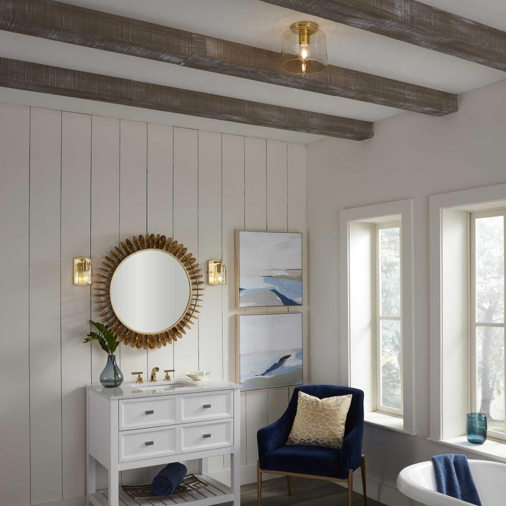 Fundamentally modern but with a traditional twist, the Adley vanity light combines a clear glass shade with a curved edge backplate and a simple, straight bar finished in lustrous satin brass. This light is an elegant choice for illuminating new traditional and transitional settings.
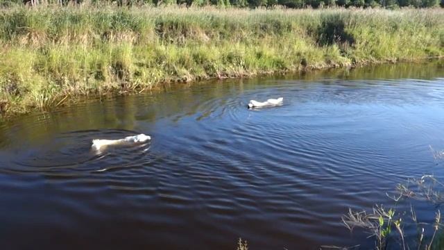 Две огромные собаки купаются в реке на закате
——————————
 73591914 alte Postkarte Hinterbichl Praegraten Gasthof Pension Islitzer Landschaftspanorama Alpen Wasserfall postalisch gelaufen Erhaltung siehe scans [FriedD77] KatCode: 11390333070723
——————————
__Exercise brief__: Set down, exactly as written above, each line from the one with "Fundamentally modern but" through the one with "Две огромные собаки", and skip the pictures.

__Answer for this exercise__:
 Fundamentally modern but with a traditional twist, the Adley vanity light combines a clear glass shade with a curved edge backplate and a simple, straight bar finished in lustrous satin brass. This light is an elegant choice for illuminating new traditional and transitional settings.
 Две огромные собаки купаются в реке на закате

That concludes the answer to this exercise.